The applicable body of theory begins with Lanchester’s 1897 analysis of phugoid motion. Lanchester’s model, and the Bryan and Williams analyses that followed, neglected atmospheric density changes as an airplane’s height changes during a longitudinal oscillation. F. N. Scheubel added density gradient to the mathematical model in 1942. In 1950, Stefan Neumark added the effects of thrust and sound speed variations with altitude to the equations.
While the classical Bryan-Williams model leads to a fourth-degree characteristic equation, with both short – and long-period longitudinal oscillations, density gradient increases the characteristic equation degree to 5. A new aperiodic height mode appears, typically a very slow divergence (Figure 11.16). The height mode was first identified, or rather predicted, by Neumark. The supersonic altitude stability problems thus far encountered probably involve both the phugoid or long-period mode and the height mode.

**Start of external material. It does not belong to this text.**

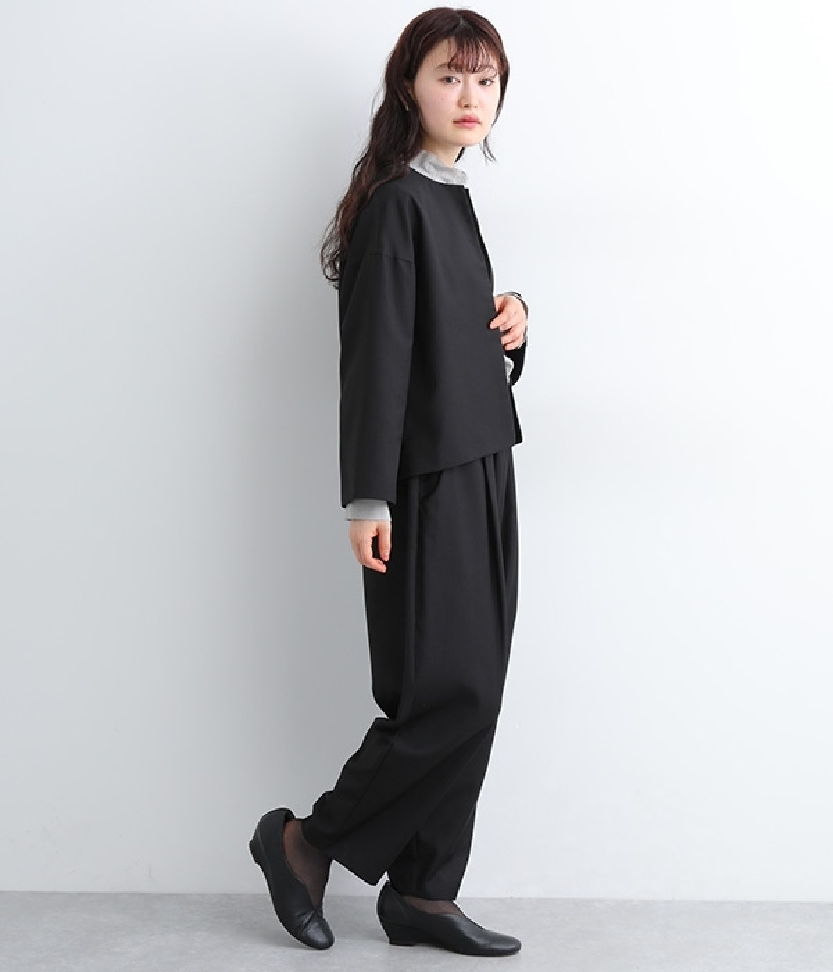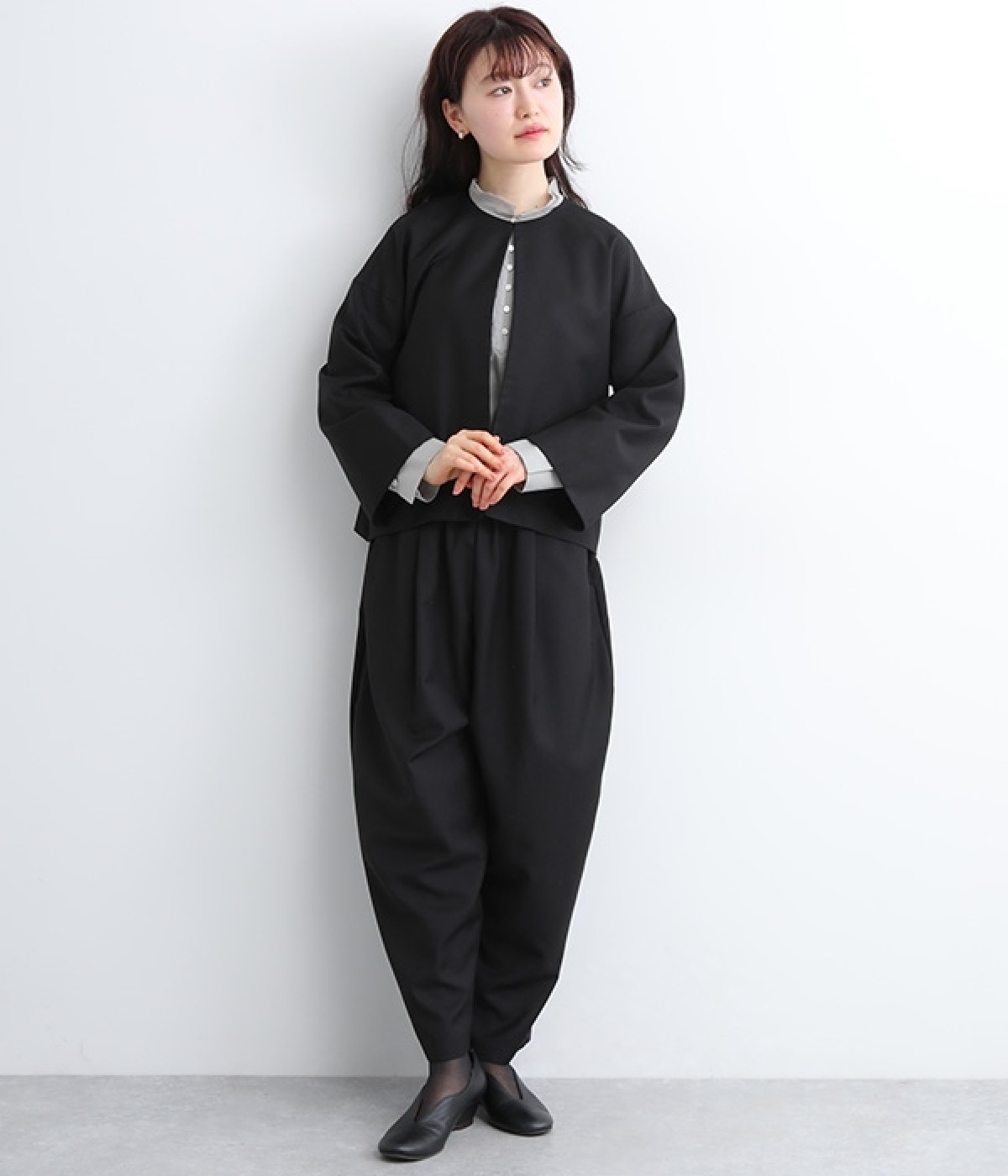 お呼ばれのときの装いにも着用できる、生地表面のつやめきと豊かなドレープが上品なジャケット。ポリエステル混でシワになりにくく、取り扱いのイージーさも愛用できるポイントです。カフス裏にはドット状のレースをあしらい、折り返すと手元に控えめな愛らしさも。フロントの開きはトップのホックひとつのみにとどめ、インナーがさりげなくのぞく抜けのあるデザインです。生地のすべりを促すなめらかな裏地が、脱ぎ着の際に役立ちます。
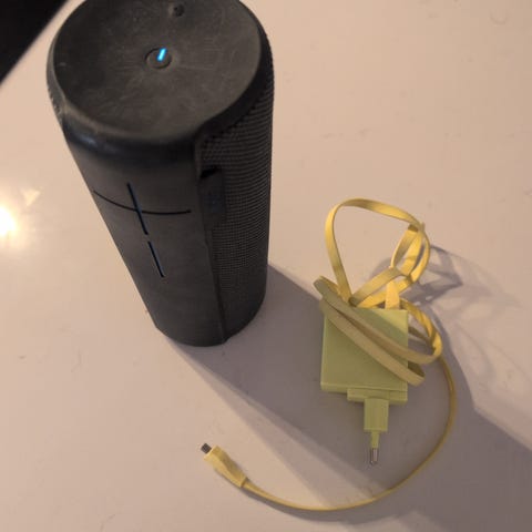 Ultimate Ears UE Boom trådløs høyttaler med flerfarget design. Bærbar og kompakt enhet med kontrollknapper på toppen og tilkoblingsporter på undersiden. Egnet for trådløs lydavspilling via Bluetooth.

Thrust effects are significant on both the phugoid and height modes (Stengel, 1970; Sachs, 1990). Aside from the effects of possible thrust offsets from the airplane’s center of gravity, the throttle-fixed variation in thrust with airspeed affects both the phugoid and height modes. Both modes are stabilized when thrust decreases with increasing airspeed, and vice versa.
Lanchester’s original analysis (Durand, 1934) assumes an airplane whose lift is always at right angles to the flight path and numerically proportional to the square of the airspeed. These simple assumptions and small-angle approximations lead to Lanchester’s phugoid motion, an undamped oscillation of period ^2n V/g, where V is the flight velocity and g is the acceleration of gravity.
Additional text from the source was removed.